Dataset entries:

---

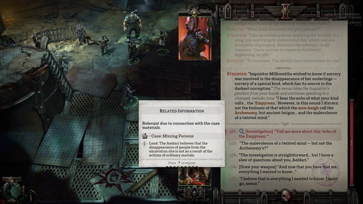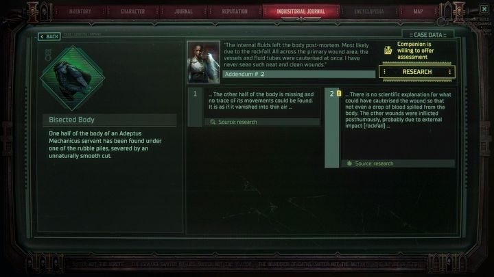 W Rogue Traderze i wielu innych RPG-ach cała akcja rozegrałaby się raczej w podobny sposób – parę starć na start, rozmowa z kluczowymi NPC-ami i możliwość zdania lub zawalenia testów w dialogach, kolejna walka, jakiś kluczowy wybór i starcie z bossem na koniec. W Dark Heresy jest inaczej. Zamiast sięgania po bolter, sięgamy po notatnik. I lepiej, żebyście się do niego przyzwyczaili, bo to właśnie najsilniejszy oręż dzierżony przez akolitę Inkwizycji.
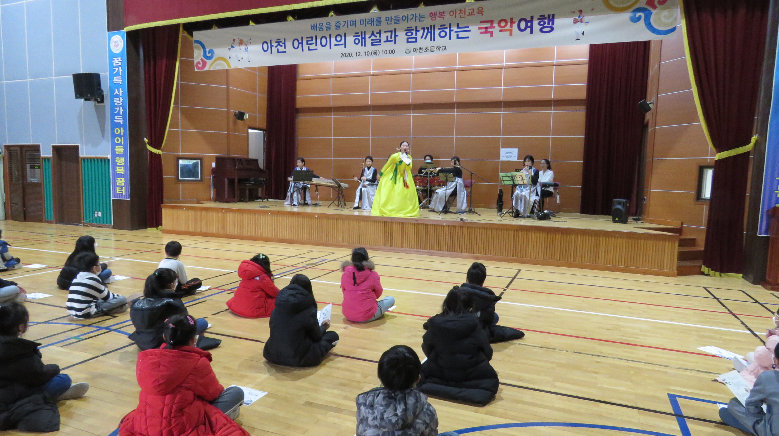| 아천초등학교(교장 이용옥)는 12월 10일(목) 본교 강당에서 본, 분교 전교생이 모인 가운데 국악예술단 ‘예랑’을 초청하여 ‘해설과 함께하는 국악여행’를 실시하였다.
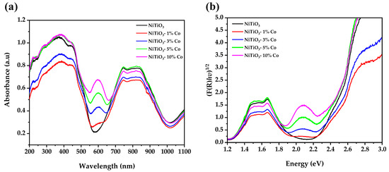 The UV-vis absorption spectra (Figure 5a) of pure and cobalt-doped NiTiO3 exhibit distinct regions related to the electronic structure. The fundamental absorption edge from 200 to 550 nm corresponds to the bandgap transition, while higher wavelength humps arise from intraband transitions associated with the d-orbital manifold [49].
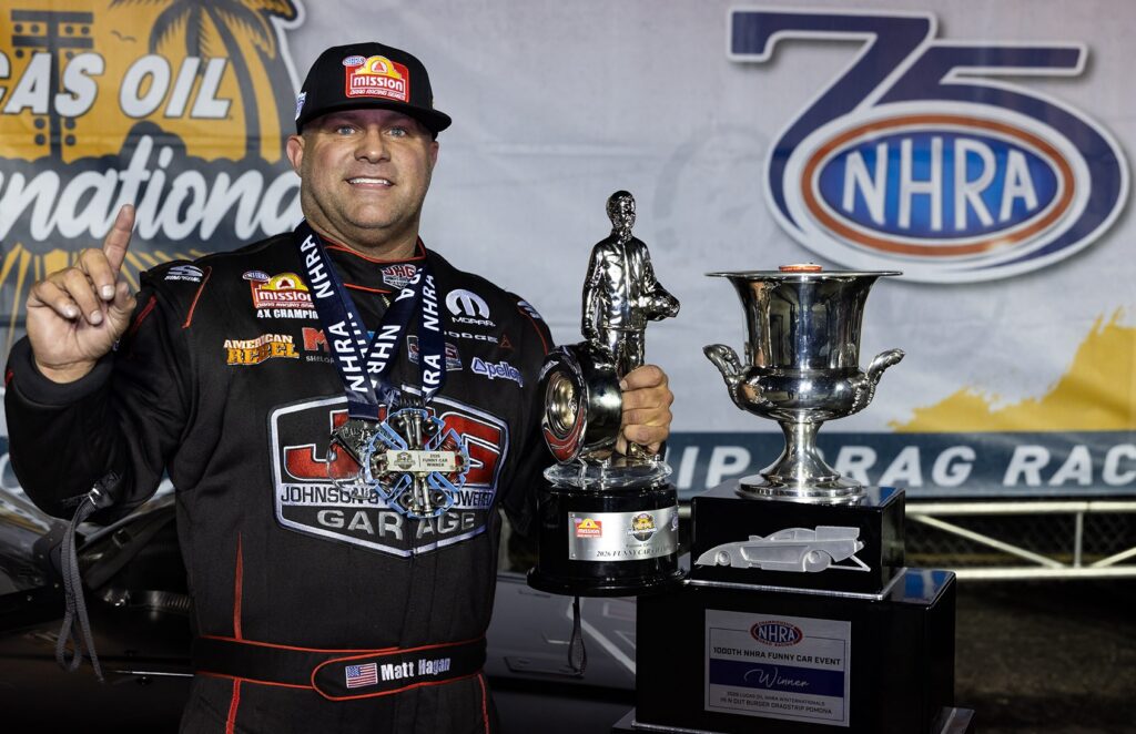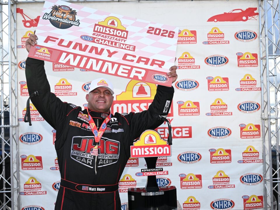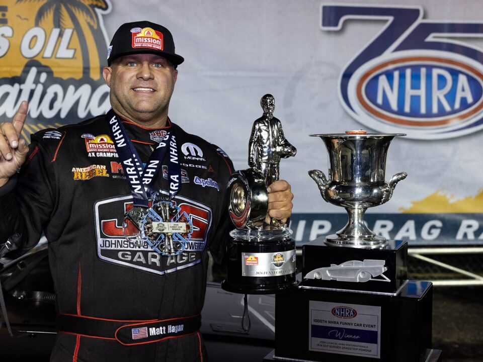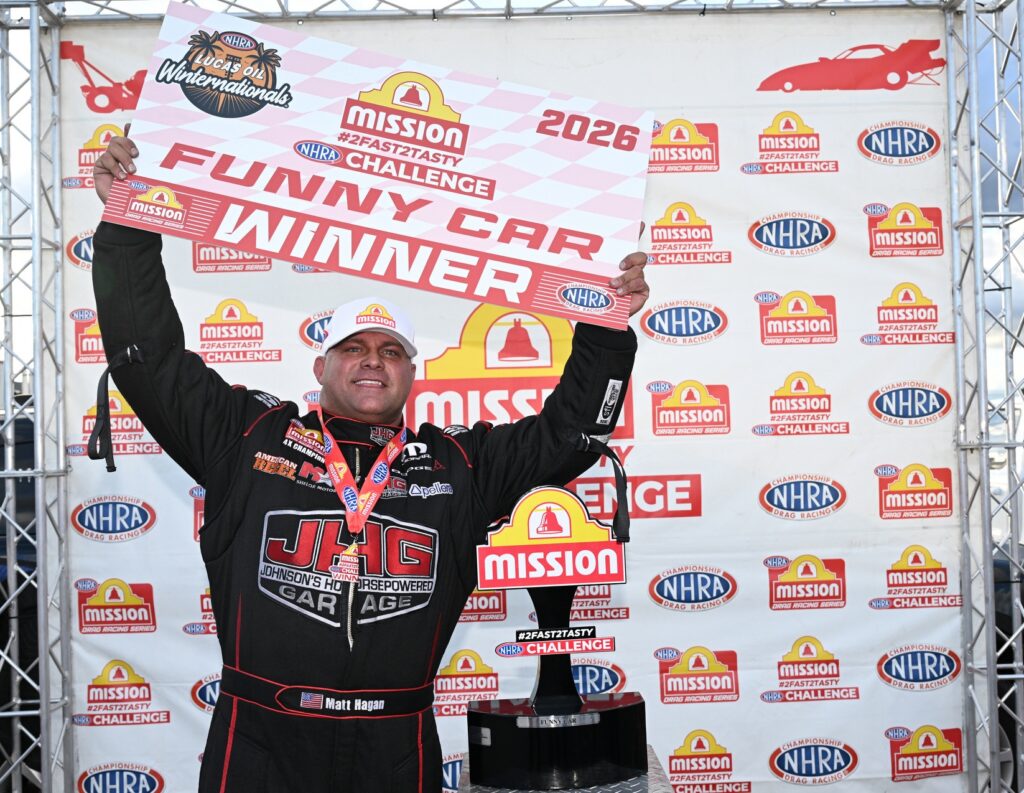 In Funny Car, Matt Hagan, who had three wins in five final round appearances and was only 101 points back from a championship crown in 2025, will also sport the Dodge livery with the Fratzog logo for ten races. Johnson’s Horsepowered Garage, American Rebel Light Beer and Shelor Motor Mile will also be in rotation as primary sponsors as Hagan looks for his fifth world title.
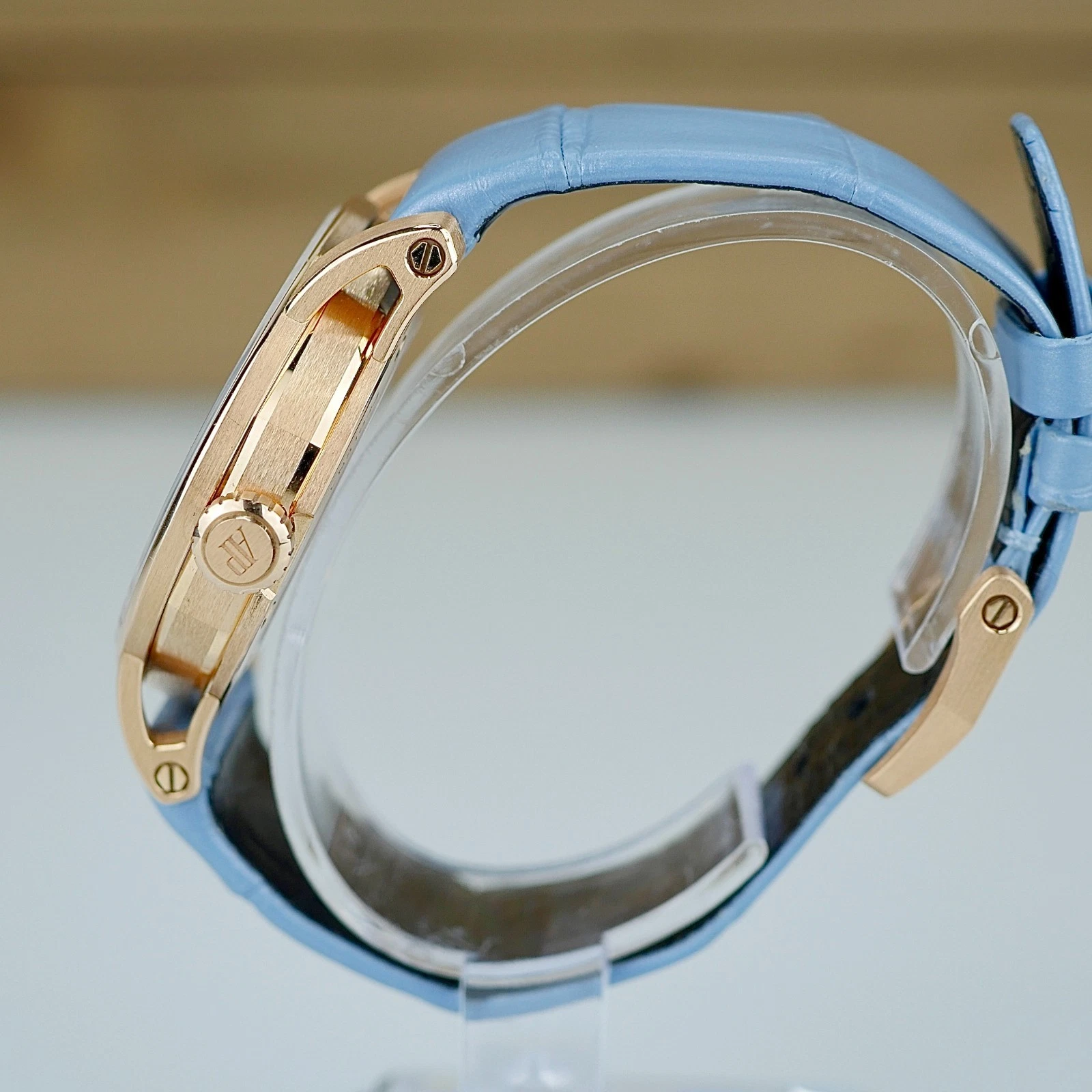 | Case Details | 18-carat pink gold case set with brilliant-cut diamonds, double glareproofed sapphire crystal and caseback. |
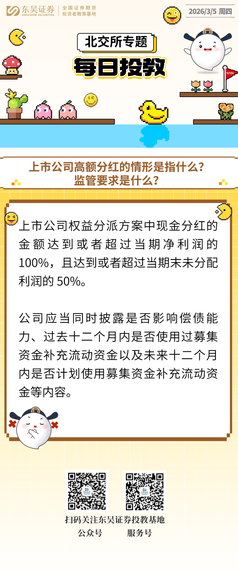 每日投教 | 【2026年03月05日】上市公司高额分红的情形是指什么? 监管要求是什么?

---

WHAT TO WORK ON —
Leave the pictures out, then output exactly the lines from the "and caseback. |" line through the end of the records above, and no others.

YOUR SOLUTION —
 | Case Details | 18-carat pink gold case set with brilliant-cut diamonds, double glareproofed sapphire crystal and caseback. |
 每日投教 | 【2026年03月05日】上市公司高额分红的情形是指什么? 监管要求是什么?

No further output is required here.